The saddest thing about the conflicts is that all these groups say they could be the Parks Department's greatest boosters, a volunteer army of equals crafting a revolutionary model of a new green city. "I wish they'd jump on us and use us as an example," Quiñones says.

Perhaps the best place to see a vision of what's possible is at the end of Lafayette Avenue, across a busy highway, past an industrial lot creeping with barbed wire.

Down a slope in the asphalt, a sign is painted on the ground in white: Waterfront Park. Little pink and turquoise flowers appear on the street in paint, as if placeholders for real flowers coming someday. Past a chain, the scattered objects look less accidental; painted flowers, sunbursts, peace signs, and Puerto Rican flags appear. So do river birches, crab apples, willows, and cottonwoods.

Down farther, Nino DeSimone, coordinator of Greening for Breathing at the Point, which developed the site, unlocks a trailer, and a couple of boys haul out fishing poles. The Parks Department helped fund work there with a $10,000 grant, as part of the popular Waterways and Trailways Program, an initiative to develop a greenway stretching from Westchester all the way down to the South Bronx. The place is still spare, barely a park, but it holds the seed of what activists could do for the borough with the right support.

The community's hopes are expressed in a mural on the side of the equipment shed. It's a remix of Seurat's Sunday Afternoon on the Island of the Grande Jatte, painted by the Tats Cru. In the scene, the ramshackle street scattered with woodchips is covered in lush green grass and shrubs. Full, tall trees with sunlight pouring through them turn the ground a liquid gold, as a multiracial crowd walks and lounges in the park. The dark gray-brown river is rendered so turquoise it is almost phosphorescent. Even the apartment towers in Soundview across the way look radiant again.

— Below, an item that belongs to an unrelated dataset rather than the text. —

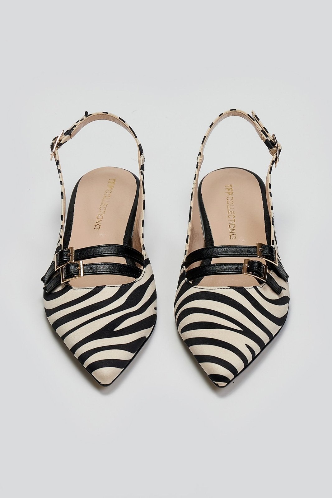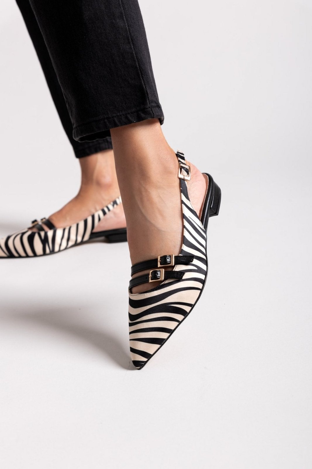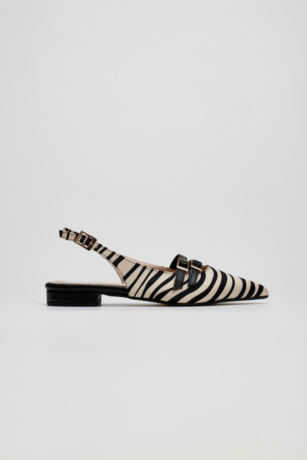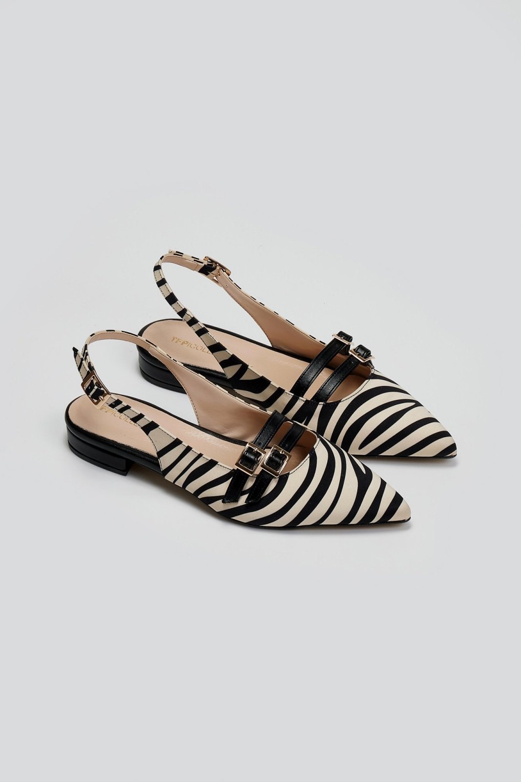 Μπαλαρίνες μυτερές slingback TFP. Ύφασμα σατέν με animal print σχέδιο. Σχέδιο λουράκια με διακρικούς τοκάδες στο ύψος του κουτεπιέ. Δερμάτινος πάτος. Ελληνικής κατασκευής.

In reality, the mural stands in front of a gate, shutting off the park from the industry that consumes the rest of the waterfront here. "They want to make it so they don't have problems with the neighborhood? They should go to that school," DeSimone says, gesturing to Middle School 201 nearby. "This is a tremendous opportunity for those kids to build a park. If they want a park that lasts, that's the place to begin, rather than not allowing the community in the space till they finish it in four years, and then in five years pouring in concrete and a jungle gym.

"But they do not regularly extend that level of confidence so people know what's going on," he says. "That's a trust issue ultimately. I don't think people trust the Parks Department now."